Which lines in the records below contain the word "white"? Copy each one out.

- SOURCE INFORMATION:

========================================

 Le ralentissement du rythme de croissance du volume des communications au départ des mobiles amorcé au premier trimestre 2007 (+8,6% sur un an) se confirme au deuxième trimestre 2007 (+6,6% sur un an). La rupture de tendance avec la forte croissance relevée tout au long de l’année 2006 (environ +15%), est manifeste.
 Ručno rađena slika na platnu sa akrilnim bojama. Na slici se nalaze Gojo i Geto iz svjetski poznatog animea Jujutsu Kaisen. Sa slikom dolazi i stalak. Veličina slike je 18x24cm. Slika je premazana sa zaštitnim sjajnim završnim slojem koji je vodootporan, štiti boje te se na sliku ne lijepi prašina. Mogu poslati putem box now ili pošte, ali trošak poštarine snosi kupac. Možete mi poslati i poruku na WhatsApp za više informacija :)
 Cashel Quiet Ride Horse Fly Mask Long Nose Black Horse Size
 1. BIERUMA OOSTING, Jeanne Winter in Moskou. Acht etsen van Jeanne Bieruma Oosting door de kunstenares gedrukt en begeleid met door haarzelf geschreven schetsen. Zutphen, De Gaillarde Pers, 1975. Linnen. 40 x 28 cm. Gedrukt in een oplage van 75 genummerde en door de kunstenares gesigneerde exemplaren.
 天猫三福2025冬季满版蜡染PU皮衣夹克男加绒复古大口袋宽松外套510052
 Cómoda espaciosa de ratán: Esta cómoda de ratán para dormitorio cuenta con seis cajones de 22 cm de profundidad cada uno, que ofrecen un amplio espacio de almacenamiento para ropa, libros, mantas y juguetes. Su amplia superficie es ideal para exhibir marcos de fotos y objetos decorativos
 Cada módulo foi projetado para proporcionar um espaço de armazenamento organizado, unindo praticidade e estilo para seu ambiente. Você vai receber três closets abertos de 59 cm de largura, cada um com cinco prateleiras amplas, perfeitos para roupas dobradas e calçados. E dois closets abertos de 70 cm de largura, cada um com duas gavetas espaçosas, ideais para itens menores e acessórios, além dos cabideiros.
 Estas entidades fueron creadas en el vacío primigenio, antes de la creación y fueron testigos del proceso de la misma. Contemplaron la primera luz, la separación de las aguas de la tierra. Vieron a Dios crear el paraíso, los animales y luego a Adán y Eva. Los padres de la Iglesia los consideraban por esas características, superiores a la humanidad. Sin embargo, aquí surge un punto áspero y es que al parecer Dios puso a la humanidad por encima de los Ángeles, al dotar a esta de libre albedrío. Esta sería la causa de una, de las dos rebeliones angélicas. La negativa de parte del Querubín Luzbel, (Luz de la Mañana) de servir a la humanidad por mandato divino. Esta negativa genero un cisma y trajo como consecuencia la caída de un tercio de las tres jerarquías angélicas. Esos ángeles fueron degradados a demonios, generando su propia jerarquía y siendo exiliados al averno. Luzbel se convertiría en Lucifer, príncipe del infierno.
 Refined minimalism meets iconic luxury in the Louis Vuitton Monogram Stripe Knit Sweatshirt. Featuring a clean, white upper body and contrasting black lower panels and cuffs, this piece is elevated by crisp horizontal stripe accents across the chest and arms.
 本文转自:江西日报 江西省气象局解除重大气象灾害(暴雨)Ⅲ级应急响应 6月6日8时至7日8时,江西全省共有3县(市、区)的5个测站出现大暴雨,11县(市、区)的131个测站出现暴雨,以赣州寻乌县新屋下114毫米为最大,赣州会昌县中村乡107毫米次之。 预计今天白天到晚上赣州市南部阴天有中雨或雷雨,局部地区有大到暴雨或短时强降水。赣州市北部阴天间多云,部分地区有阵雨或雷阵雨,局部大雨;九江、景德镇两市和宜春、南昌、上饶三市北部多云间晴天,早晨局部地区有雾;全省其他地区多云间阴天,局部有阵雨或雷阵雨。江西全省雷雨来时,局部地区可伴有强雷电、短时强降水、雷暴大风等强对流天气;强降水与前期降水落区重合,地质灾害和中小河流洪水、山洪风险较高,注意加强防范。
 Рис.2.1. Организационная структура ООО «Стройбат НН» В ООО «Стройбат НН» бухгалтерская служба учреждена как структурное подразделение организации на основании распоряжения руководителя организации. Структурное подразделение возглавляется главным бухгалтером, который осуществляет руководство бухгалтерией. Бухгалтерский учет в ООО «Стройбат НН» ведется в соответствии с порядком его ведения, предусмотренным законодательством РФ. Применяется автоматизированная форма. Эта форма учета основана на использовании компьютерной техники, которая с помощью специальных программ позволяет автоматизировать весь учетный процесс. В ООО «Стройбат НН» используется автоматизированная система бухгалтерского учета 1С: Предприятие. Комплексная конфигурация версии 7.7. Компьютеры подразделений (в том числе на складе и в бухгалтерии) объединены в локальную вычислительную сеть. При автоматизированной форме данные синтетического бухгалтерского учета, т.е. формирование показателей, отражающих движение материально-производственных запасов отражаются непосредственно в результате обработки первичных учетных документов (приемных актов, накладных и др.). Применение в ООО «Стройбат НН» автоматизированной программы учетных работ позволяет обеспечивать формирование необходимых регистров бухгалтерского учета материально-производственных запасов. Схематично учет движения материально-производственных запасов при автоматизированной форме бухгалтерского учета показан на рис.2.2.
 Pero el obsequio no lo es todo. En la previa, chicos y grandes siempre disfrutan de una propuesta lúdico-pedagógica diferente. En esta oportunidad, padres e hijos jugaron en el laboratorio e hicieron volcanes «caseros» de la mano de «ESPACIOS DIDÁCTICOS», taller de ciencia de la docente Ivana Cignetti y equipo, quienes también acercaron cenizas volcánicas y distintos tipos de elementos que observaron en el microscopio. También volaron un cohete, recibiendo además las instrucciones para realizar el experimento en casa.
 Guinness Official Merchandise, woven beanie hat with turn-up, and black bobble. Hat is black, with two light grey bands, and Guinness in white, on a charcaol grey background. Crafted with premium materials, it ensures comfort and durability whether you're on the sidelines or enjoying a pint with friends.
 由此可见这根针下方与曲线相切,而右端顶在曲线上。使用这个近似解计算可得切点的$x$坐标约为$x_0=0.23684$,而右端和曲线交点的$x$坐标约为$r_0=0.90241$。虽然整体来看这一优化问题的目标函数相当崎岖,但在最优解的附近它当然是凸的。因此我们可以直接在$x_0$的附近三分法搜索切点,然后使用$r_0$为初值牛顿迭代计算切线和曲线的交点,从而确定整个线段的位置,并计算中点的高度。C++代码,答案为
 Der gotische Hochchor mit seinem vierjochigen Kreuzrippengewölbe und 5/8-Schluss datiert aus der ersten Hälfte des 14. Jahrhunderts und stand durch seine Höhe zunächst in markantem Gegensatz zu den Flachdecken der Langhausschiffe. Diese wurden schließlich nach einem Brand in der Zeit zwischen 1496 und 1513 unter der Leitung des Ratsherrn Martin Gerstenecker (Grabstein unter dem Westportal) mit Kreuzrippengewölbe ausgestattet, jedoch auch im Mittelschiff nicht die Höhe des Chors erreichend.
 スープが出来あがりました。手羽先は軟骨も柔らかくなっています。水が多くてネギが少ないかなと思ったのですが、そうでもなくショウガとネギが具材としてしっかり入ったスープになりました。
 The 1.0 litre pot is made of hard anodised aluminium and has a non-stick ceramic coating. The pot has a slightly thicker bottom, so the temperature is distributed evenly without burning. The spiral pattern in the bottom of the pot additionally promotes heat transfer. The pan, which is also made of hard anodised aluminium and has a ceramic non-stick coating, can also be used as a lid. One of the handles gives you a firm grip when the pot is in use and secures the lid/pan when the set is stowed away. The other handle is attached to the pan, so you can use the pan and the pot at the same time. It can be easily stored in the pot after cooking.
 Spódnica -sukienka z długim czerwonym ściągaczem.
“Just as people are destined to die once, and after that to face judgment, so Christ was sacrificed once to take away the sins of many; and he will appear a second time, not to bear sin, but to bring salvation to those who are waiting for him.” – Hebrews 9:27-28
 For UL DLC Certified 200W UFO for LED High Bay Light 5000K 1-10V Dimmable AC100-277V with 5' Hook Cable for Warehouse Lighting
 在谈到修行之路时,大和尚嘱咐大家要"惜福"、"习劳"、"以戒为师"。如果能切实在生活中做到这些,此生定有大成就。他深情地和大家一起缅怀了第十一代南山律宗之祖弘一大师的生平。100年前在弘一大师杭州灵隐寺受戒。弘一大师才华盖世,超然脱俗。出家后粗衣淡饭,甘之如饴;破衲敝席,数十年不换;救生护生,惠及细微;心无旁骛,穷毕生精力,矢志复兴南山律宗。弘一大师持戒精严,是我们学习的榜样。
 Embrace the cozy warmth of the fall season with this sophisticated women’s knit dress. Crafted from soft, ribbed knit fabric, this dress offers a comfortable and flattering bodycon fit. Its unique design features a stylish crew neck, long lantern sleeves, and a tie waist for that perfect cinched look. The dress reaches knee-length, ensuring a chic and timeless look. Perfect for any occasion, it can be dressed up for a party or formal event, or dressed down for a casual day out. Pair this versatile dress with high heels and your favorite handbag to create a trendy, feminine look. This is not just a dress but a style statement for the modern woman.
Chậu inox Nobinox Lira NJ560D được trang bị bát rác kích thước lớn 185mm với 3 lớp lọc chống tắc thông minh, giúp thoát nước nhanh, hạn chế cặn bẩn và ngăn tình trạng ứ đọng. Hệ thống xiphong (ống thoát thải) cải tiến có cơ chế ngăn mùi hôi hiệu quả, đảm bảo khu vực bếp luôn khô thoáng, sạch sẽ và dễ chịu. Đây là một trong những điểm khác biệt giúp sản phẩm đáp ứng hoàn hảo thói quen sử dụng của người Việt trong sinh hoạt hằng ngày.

========================================

- RESPONSE BOX:
 Refined minimalism meets iconic luxury in the Louis Vuitton Monogram Stripe Knit Sweatshirt. Featuring a clean, white upper body and contrasting black lower panels and cuffs, this piece is elevated by crisp horizontal stripe accents across the chest and arms.
 Guinness Official Merchandise, woven beanie hat with turn-up, and black bobble. Hat is black, with two light grey bands, and Guinness in white, on a charcaol grey background. Crafted with premium materials, it ensures comfort and durability whether you're on the sidelines or enjoying a pint with friends.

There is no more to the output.